The All-America City Award shines a spotlight on the incredible work taking place in communities across the country. The city dedicated its award to Espericueta.
“We did this for Speedy. Our community came together and honored his memory with this historic win,” Mayor O’Caña said. “We lost our friend and hero in the line of duty as he was protecting our community. The way our city responded with heart and soul shows why we are an All-America City.”
It was an anxious awards presentation for the Mission delegation of 27. Mission was the last city announced as a winner. Garza said the nationwide recognition was well earned.
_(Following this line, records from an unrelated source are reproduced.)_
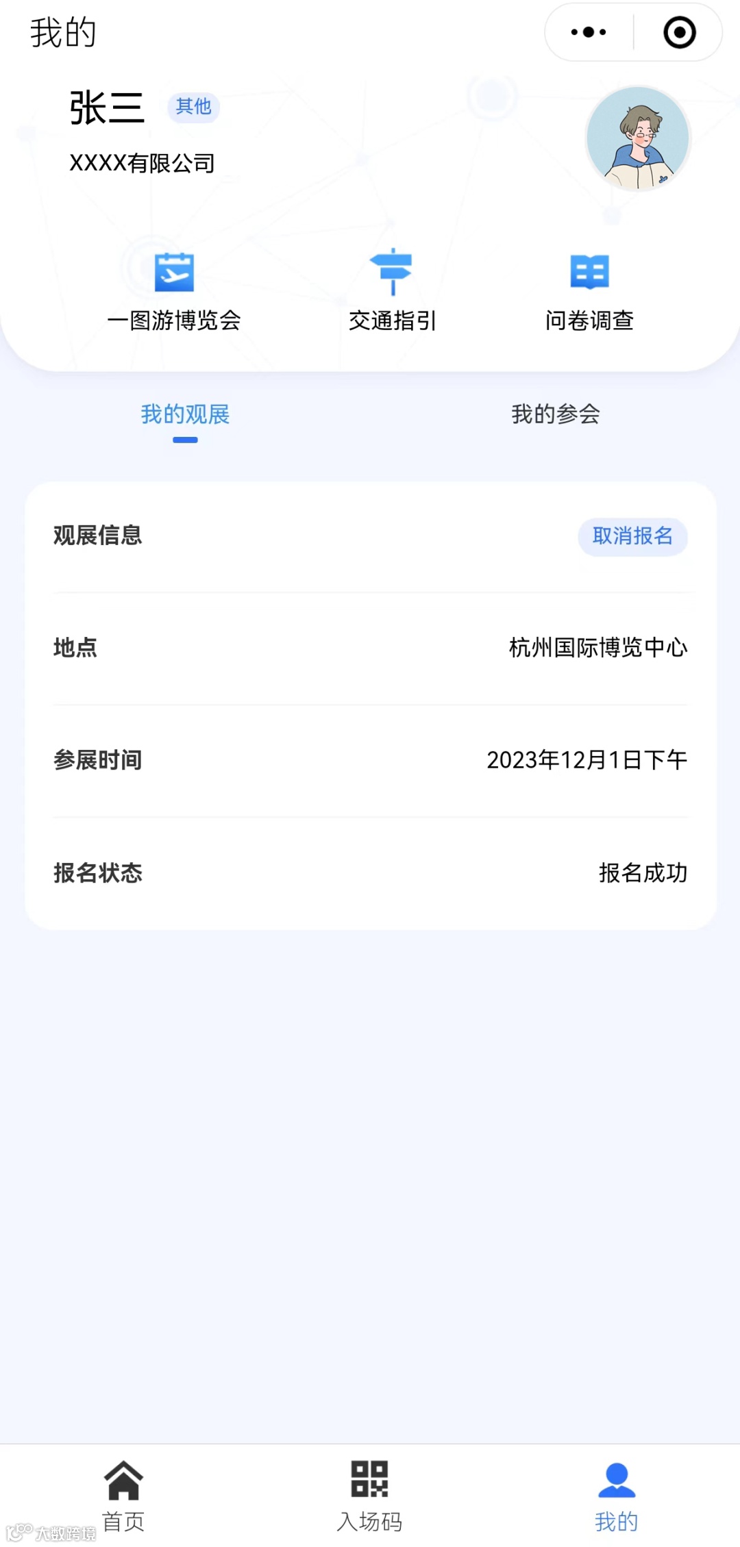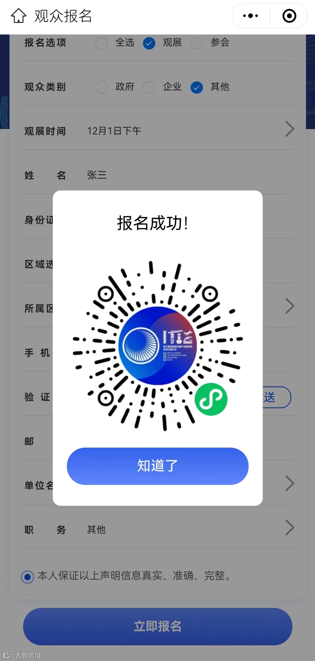 报名成功后,即可获取“入场码”。博览会期间,观众在三楼入口闸机处,出示“入场码”或身份证即可顺利通行。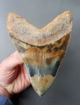 De Megalodon haai (Otodus Megalodon) is de laatste jaren, mede door documentaires en films, in populariteit toegenomen. En dat is ook niet gek: het is namelijk een gigantische haai die tot wel 20 meter lang kon worden en 60.000 kilo kon wegen! De Megalodon is dan ook één van de grootste roofdieren (vissen) dat ooit heeft geleefd. De tanden van de Megalodon zijn nagenoeg de enige fossielen die gevonden zijn van deze prachtige soort, en die tanden spreken boekdelen. De tand zelf is bijna perfect, het stuk van de kroon net onder de bourletteen is deels gerestaureerd. Dit is ongeveer tien procent van de kroon. De bourlette en wortel zijn gerestaureerd. De kleuren van dit exemplaar zijn adembenemend en worden niet vaak gezien.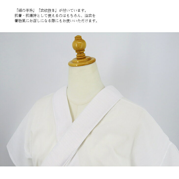 【高島ちぢみブランドの 長襦袢スリップ】夏や汗ばむ季節の浴衣、着物の長襦袢、スリップ、インナーワンピースとして使える高島ちぢみの長襦袢スリップ絽の半衿、衣紋抜き、紐付爽やかな着心地を追求した「高島ちぢみ」の楊柳クレープ生地安心高品質の日本製肌着、肌襦袢として使えるのはもちろん浴衣を着物風に着る時にもお使いいただけます筒袖なので、仕事着や普段着など、襦袢の袂(袖)がいらない時に便利です 洒落着から普段着や浴衣まで着心地が良くお洗濯後もすぐ乾き、お手入れが簡単なので普段使いにもオススメです汗をよく吸い早く乾きます汗をかいても肌にはり付かずベトつかない爽やかな肌ざわりで涼しい 10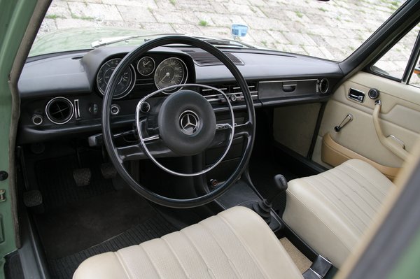 Már ránézésre süt a W115-ösről az archaizmus. Az ábrázatát uraló króm hűtőrács, ami ráadásul a motorháztetővel együtt nyílik, sokkal öregebbnek láttatja kihívóinál. Ha BMW-t tesszük mellé, nagyapja lehetne, ami nagyjából stimmel is, hiszen a Mercedest már 67-ben bemutatták, míg az 5-öst csak négy évvel később - egyébként mindkettő formájáért a francia Paul Bracq felelt. De a vele egyívású 504-es is sokkal fiatalosabbnak hat, mint a Fecske utáni, öreguras tekintetű állólámpa - naja, Pininfarináék már akkor is a jövőbe láttak.

“Mission won because our values can be measured in the quantity and quality of programs that engage our residents. We had a very strong application that highlighted our inclusive community programs, a great presentation coordinated by Roxanne Lerma and Aida Lerma, and an unmatched delegation of committed Mission residents that passionately represented our city.”
The City of Mission – where anything and everything is possible!